## Given information
───

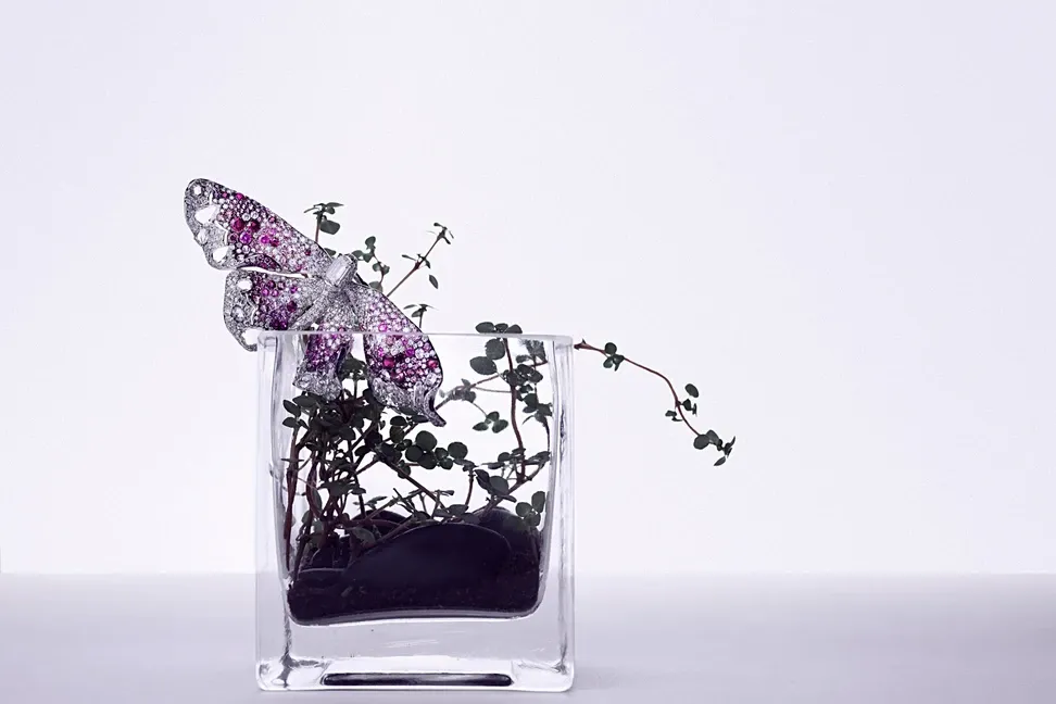 Cindy Chao summer butterfly ring with diamonds, rubies and rhodolites from the 10th Anniversary Butterfly collection
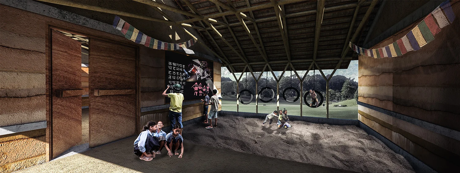 The play space component is an integral part of the design and it will challenge the typical design of classrooms all over Nepal. This multi-functional space can be conceived for many functions such as an covered play space, an art center, a small theater and a communal space. Moreover, having a covered play space will allow the students to move and play around regardless of the weather conditions
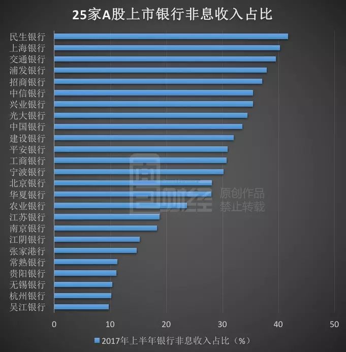 今年上半年,上海银行非利息净收入达到61.88亿元,同比增长51.37%;非息收入占比也达到40.2%,在所有上市银行中位居第二,在城商行中位居首位。下图为面包财经根据财报绘制的已公布(截至8月28日)A股上市银行非息收入占比:

───

## Exercise requirements
Output all the material above exactly once more, leaving every picture out.

## Answer section
 Cindy Chao summer butterfly ring with diamonds, rubies and rhodolites from the 10th Anniversary Butterfly collection
 The play space component is an integral part of the design and it will challenge the typical design of classrooms all over Nepal. This multi-functional space can be conceived for many functions such as an covered play space, an art center, a small theater and a communal space. Moreover, having a covered play space will allow the students to move and play around regardless of the weather conditions
 今年上半年,上海银行非利息净收入达到61.88亿元,同比增长51.37%;非息收入占比也达到40.2%,在所有上市银行中位居第二,在城商行中位居首位。下图为面包财经根据财报绘制的已公布(截至8月28日)A股上市银行非息收入占比:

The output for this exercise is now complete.